*Prompt:*
In this exercise, the entries below include pictures. Repeat exactly the lines from the line with "You're qualified if: (1)" to the line with "Having come in", including both, but without the pictures.

*Records to process:*

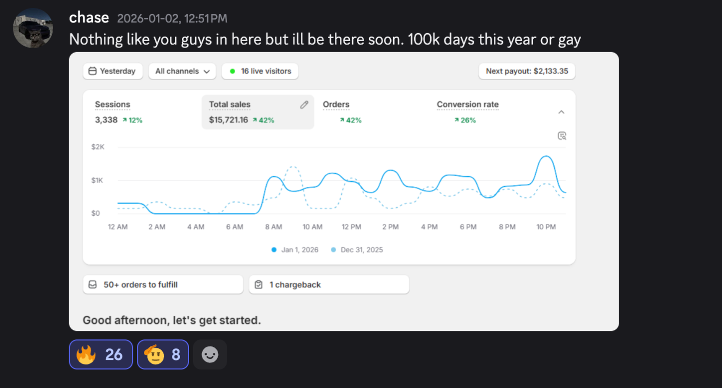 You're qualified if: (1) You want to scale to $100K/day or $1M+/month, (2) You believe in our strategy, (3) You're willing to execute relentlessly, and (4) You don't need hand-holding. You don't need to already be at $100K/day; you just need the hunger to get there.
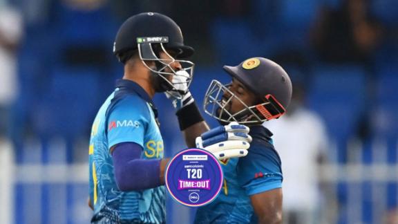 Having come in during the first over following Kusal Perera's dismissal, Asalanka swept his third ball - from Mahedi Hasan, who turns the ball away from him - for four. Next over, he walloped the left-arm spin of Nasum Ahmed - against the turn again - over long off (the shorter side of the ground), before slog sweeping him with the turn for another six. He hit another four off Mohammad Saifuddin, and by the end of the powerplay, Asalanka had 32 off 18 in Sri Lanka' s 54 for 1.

* * *

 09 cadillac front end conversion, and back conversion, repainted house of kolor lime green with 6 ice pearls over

*Reply:*
 You're qualified if: (1) You want to scale to $100K/day or $1M+/month, (2) You believe in our strategy, (3) You're willing to execute relentlessly, and (4) You don't need hand-holding. You don't need to already be at $100K/day; you just need the hunger to get there.
 Having come in during the first over following Kusal Perera's dismissal, Asalanka swept his third ball - from Mahedi Hasan, who turns the ball away from him - for four. Next over, he walloped the left-arm spin of Nasum Ahmed - against the turn again - over long off (the shorter side of the ground), before slog sweeping him with the turn for another six. He hit another four off Mohammad Saifuddin, and by the end of the powerplay, Asalanka had 32 off 18 in Sri Lanka' s 54 for 1.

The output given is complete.